In the space of just six days, the 81-year-old US president unveiled bold proposals to tackle arguably the three biggest policy challenges facing the White House ahead of November's election.
Experts say that behind the rush is both a desire to bring order to a set of crises that have bedeviled the past year of his presidency -- and to show that he is better placed to do so than his election rival, former president Donald Trump.
"Part of what you're seeing is -- there's stuff to do, so the president of the United States is doing it," Peter Loge, a media and public affairs professor at George Washington University, told AFP.
"The other part is from a campaign perspective, because everything is viewed through a campaign lens. It's not enough to do a good job, you have to be seen doing a good job."
The veteran Democrat's triple whammy began a week ago on May 30 when he partially lifted his ban on Ukraine using US-supplied weapons against targets in Russian territory.
It was a sea change for a president who has long worried that the war could trigger a nuclear conflict.
Biden believed there was no choice but to help Ukraine fight a new Russian offensive -- one that came as Moscow took advantage of a lull in US aid while Republicans blocked fresh supplies.
In an apparent coincidence, the Ukraine decision emerged on the same day as a jury found Trump guilty in his adult film star hush money case, making him the first former US president to be convicted of a criminal offense.
The very next day, Biden made the surprise announcement that Israel had offered a new peace roadmap for Gaza after nearly eight months of devastating conflict.
That too comes at a critical time. The White House is desperate for a solution to the situation in Gaza, not just because of the horror of the conflict but also because of the protests Biden has faced over his support for Israel.
Finally on Tuesday it was the issue that polls show is one of the biggest threats to Biden electorally -- the US-Mexico border.
He gave another speech at the White House announcing that he was shutting the border to asylum seekers, due to a surge in the number of people crossing illegally.
That announcement came hours before Biden flew to France for high-profile ceremonies for the 80th anniversary of the World War II D-Day landings, where he will stress American leadership and again contrast himself with Trump.
The White House said Biden's "sense of energy" was in response to the multiple foreign policy challenges the world faces.
"What you're seeing is the president moving out with an appropriate sense of urgency on some of the key foreign policy issues of the day," National Security Council spokesman John Kirby said.
Yet there is also a clear sense of Biden trying to show that he can draw a line under three issues that have dogged the past year of his presidency.

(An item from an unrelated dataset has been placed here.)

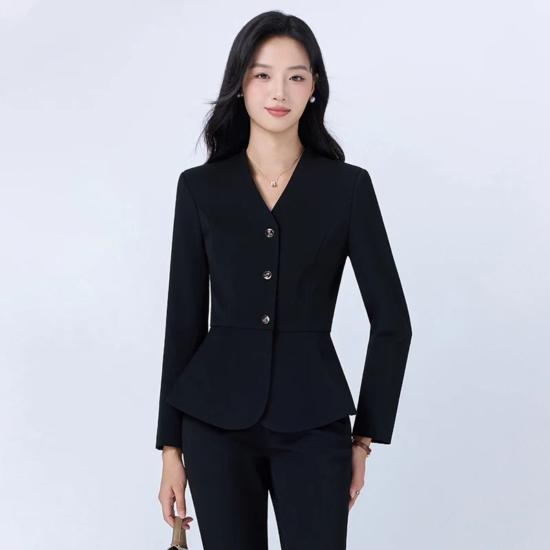 Spring and Autumn Fashion Women's Formal Coat V-neck Lapel Button Pocket Suit Jacket 2026 New Women's Suit Jacket

Ukraine, Israel and the border have been a single, giant political headache ever since he lumped them together in one funding bill last October that Republicans spent six months blocking.

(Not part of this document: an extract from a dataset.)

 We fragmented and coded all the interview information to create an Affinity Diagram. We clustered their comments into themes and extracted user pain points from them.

Meanwhile on a personal level, America's oldest president is seeking to prove wrong the doubters that he is too old to beat Trump.
"This is absolutely a way for Joe Biden to demonstrate that he's the president of the United States, acting decisively and clearly on important global issues -- while Donald Trump is trying to talk his way out of jail," said Loge.
His burst of activity is already being used as evidence to counter a story in the Wall Street Journal on Tuesday that said Biden shows "signs of slipping".
"Think about the last week, Joe Biden has come forward with three major new policies," Richard Haass, an American diplomat who heads the Council on Foreign Relations, told MSNBC.
"You may like the policies, you may not -- but this is clearly a president who is driving an agenda."